━━━━━ Material provided

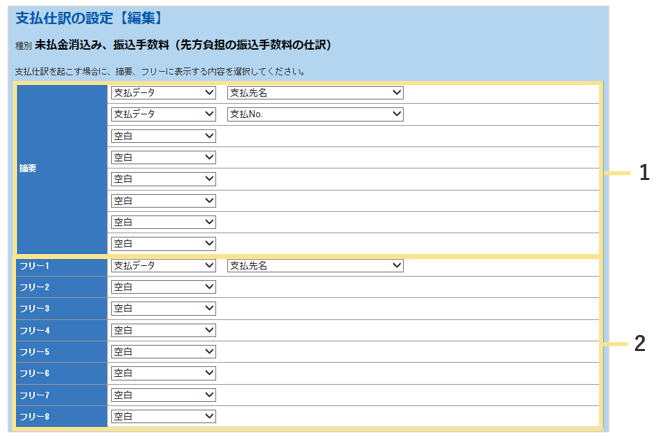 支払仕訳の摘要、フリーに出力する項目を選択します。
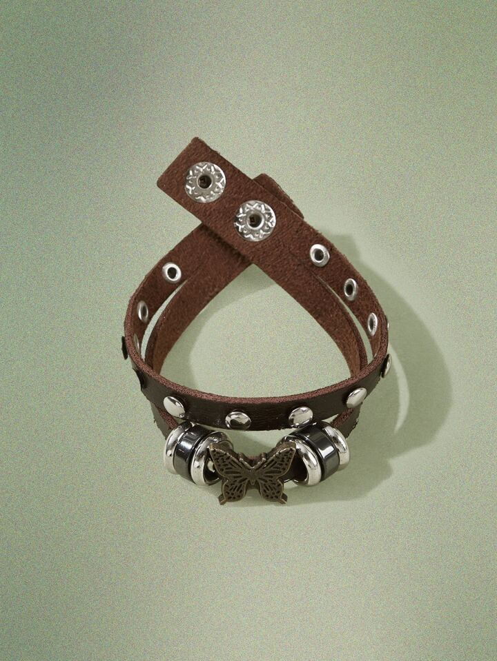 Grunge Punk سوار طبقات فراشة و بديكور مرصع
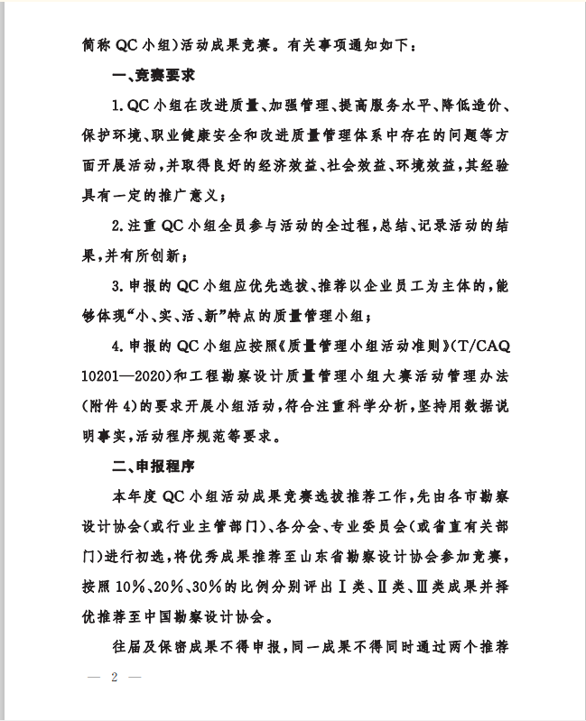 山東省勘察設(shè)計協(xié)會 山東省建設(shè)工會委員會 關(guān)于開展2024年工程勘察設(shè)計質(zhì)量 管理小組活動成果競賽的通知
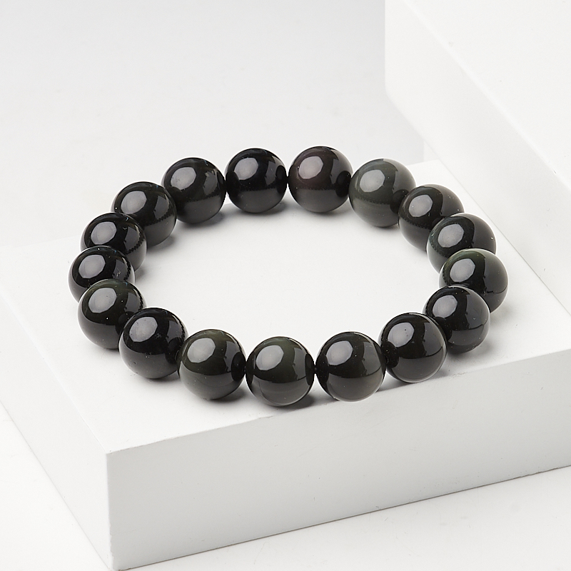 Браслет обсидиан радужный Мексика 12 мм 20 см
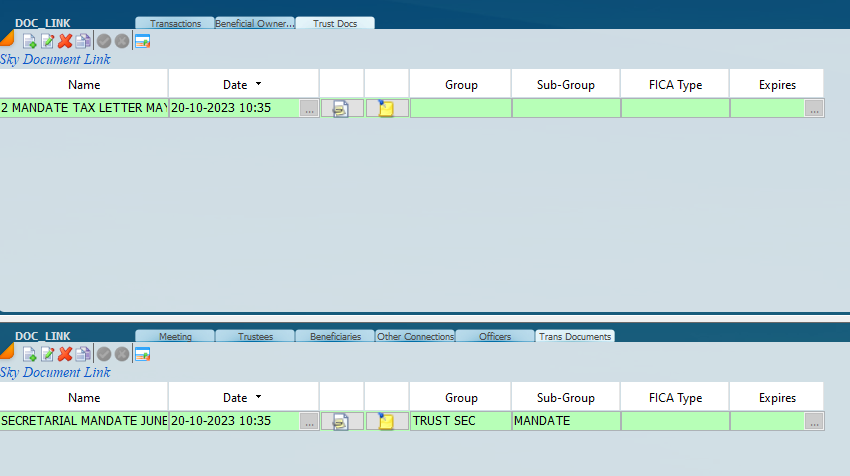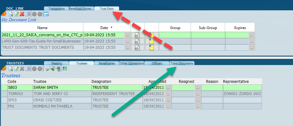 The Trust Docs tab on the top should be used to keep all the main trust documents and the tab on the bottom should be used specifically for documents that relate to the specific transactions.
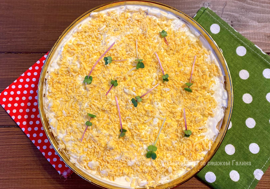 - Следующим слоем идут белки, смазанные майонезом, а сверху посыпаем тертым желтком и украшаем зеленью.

━━━━━━━━━━

* What you should do
The task calls for all records to be set down precisely, excluding any images.

* Solution for this task
 支払仕訳の摘要、フリーに出力する項目を選択します。
 Grunge Punk سوار طبقات فراشة و بديكور مرصع
 山東省勘察設(shè)計協(xié)會 山東省建設(shè)工會委員會 關(guān)于開展2024年工程勘察設(shè)計質(zhì)量 管理小組活動成果競賽的通知
 Браслет обсидиан радужный Мексика 12 мм 20 см
 The Trust Docs tab on the top should be used to keep all the main trust documents and the tab on the bottom should be used specifically for documents that relate to the specific transactions.
 - Следующим слоем идут белки, смазанные майонезом, а сверху посыпаем тертым желтком и украшаем зеленью.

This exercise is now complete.